» Directions:
Beginning with the line that holds "Het jurkje heeft" and finishing with the line that holds "实验中,奥比中光 Gemini 330", repeat the listing exactly, leaving every picture out.

» Stored data:

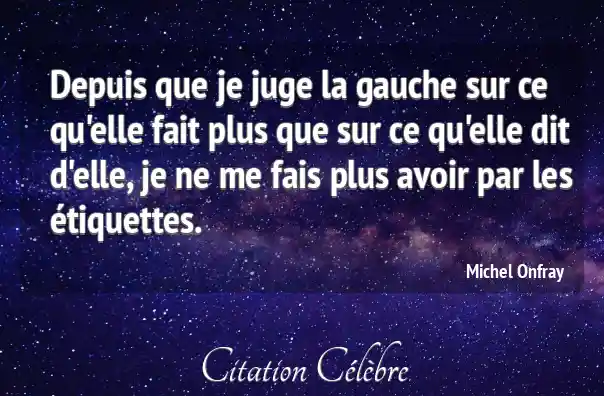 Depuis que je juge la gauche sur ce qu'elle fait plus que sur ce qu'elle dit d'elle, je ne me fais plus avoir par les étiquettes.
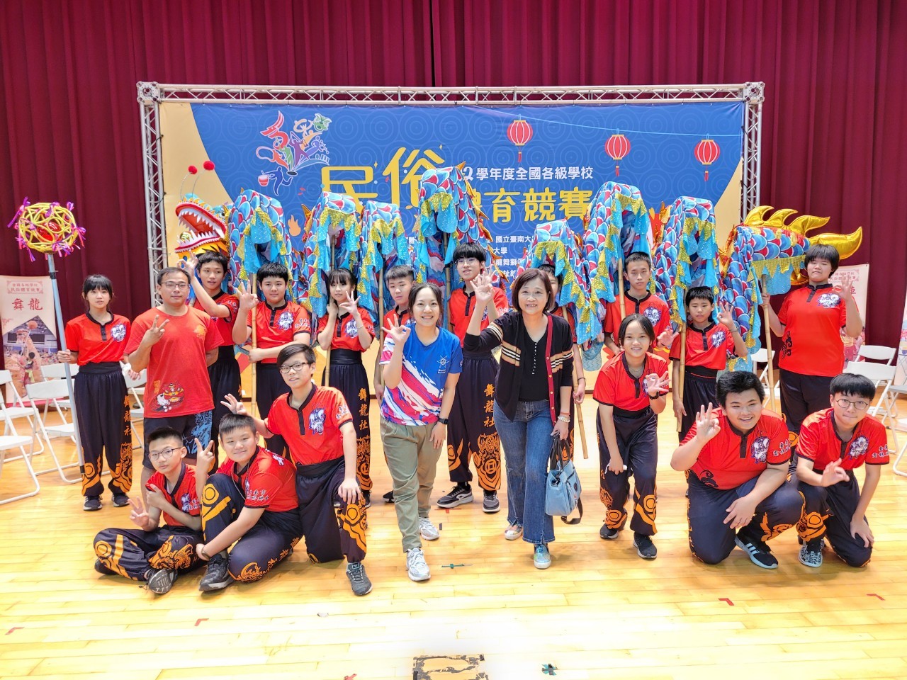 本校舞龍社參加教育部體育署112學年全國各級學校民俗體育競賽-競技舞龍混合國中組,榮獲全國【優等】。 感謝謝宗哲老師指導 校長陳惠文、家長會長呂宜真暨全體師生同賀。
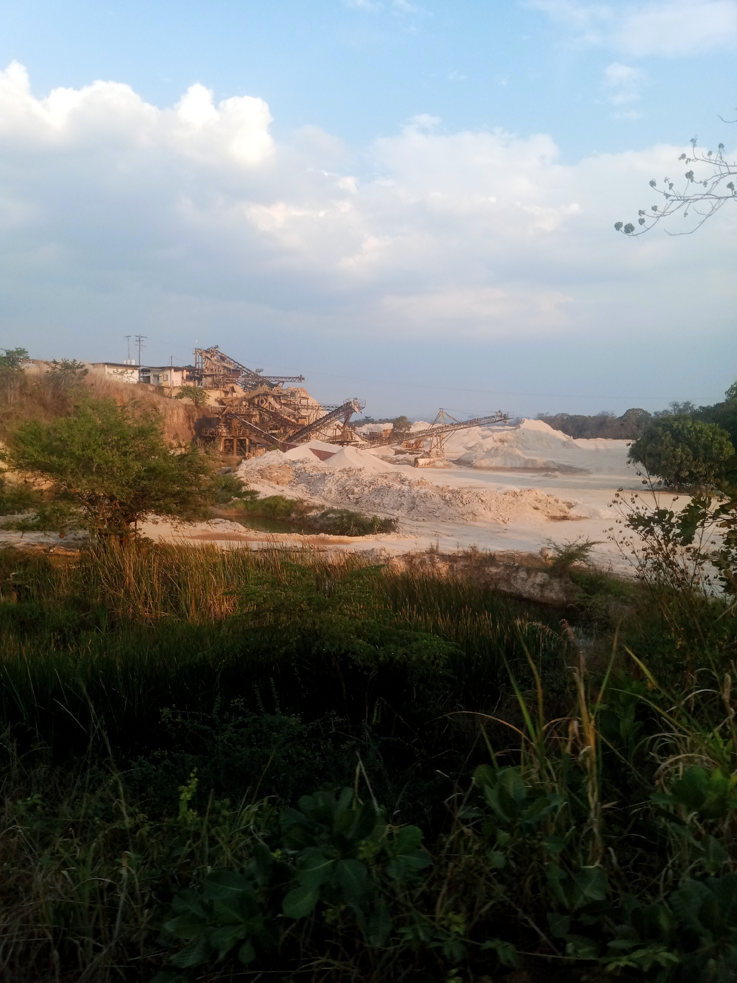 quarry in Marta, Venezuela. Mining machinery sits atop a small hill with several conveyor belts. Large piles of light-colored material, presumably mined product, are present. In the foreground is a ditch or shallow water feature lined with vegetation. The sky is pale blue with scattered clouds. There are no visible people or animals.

---

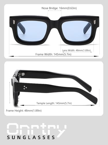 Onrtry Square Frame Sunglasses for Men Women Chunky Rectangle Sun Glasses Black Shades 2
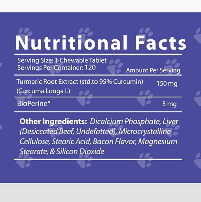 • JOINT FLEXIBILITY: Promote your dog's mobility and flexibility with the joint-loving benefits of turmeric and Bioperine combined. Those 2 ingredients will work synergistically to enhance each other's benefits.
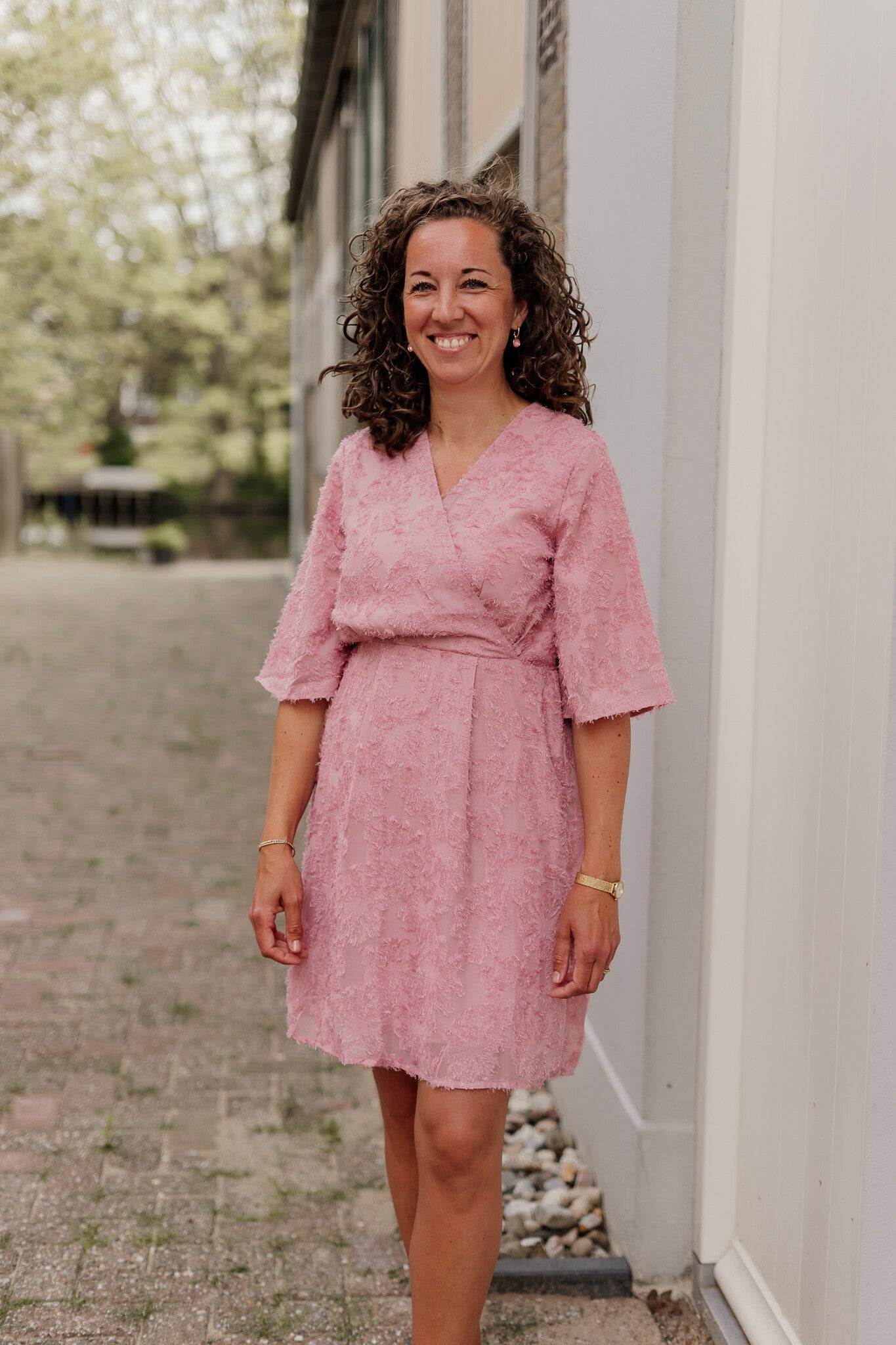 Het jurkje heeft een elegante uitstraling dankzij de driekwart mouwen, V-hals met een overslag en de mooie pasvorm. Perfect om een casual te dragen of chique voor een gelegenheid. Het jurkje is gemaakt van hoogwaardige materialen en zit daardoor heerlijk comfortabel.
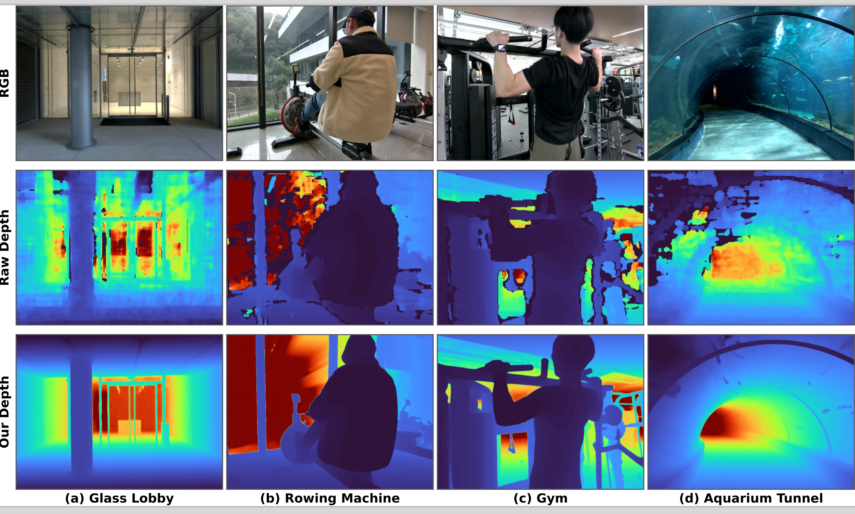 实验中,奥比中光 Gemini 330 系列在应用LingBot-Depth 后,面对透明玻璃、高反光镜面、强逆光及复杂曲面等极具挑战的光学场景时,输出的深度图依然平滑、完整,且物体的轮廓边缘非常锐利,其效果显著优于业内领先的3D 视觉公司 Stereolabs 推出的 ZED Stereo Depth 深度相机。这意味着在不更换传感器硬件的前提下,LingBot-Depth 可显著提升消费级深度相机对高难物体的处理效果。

» Task answer:
 Het jurkje heeft een elegante uitstraling dankzij de driekwart mouwen, V-hals met een overslag en de mooie pasvorm. Perfect om een casual te dragen of chique voor een gelegenheid. Het jurkje is gemaakt van hoogwaardige materialen en zit daardoor heerlijk comfortabel.
 实验中,奥比中光 Gemini 330 系列在应用LingBot-Depth 后,面对透明玻璃、高反光镜面、强逆光及复杂曲面等极具挑战的光学场景时,输出的深度图依然平滑、完整,且物体的轮廓边缘非常锐利,其效果显著优于业内领先的3D 视觉公司 Stereolabs 推出的 ZED Stereo Depth 深度相机。这意味着在不更换传感器硬件的前提下,LingBot-Depth 可显著提升消费级深度相机对高难物体的处理效果。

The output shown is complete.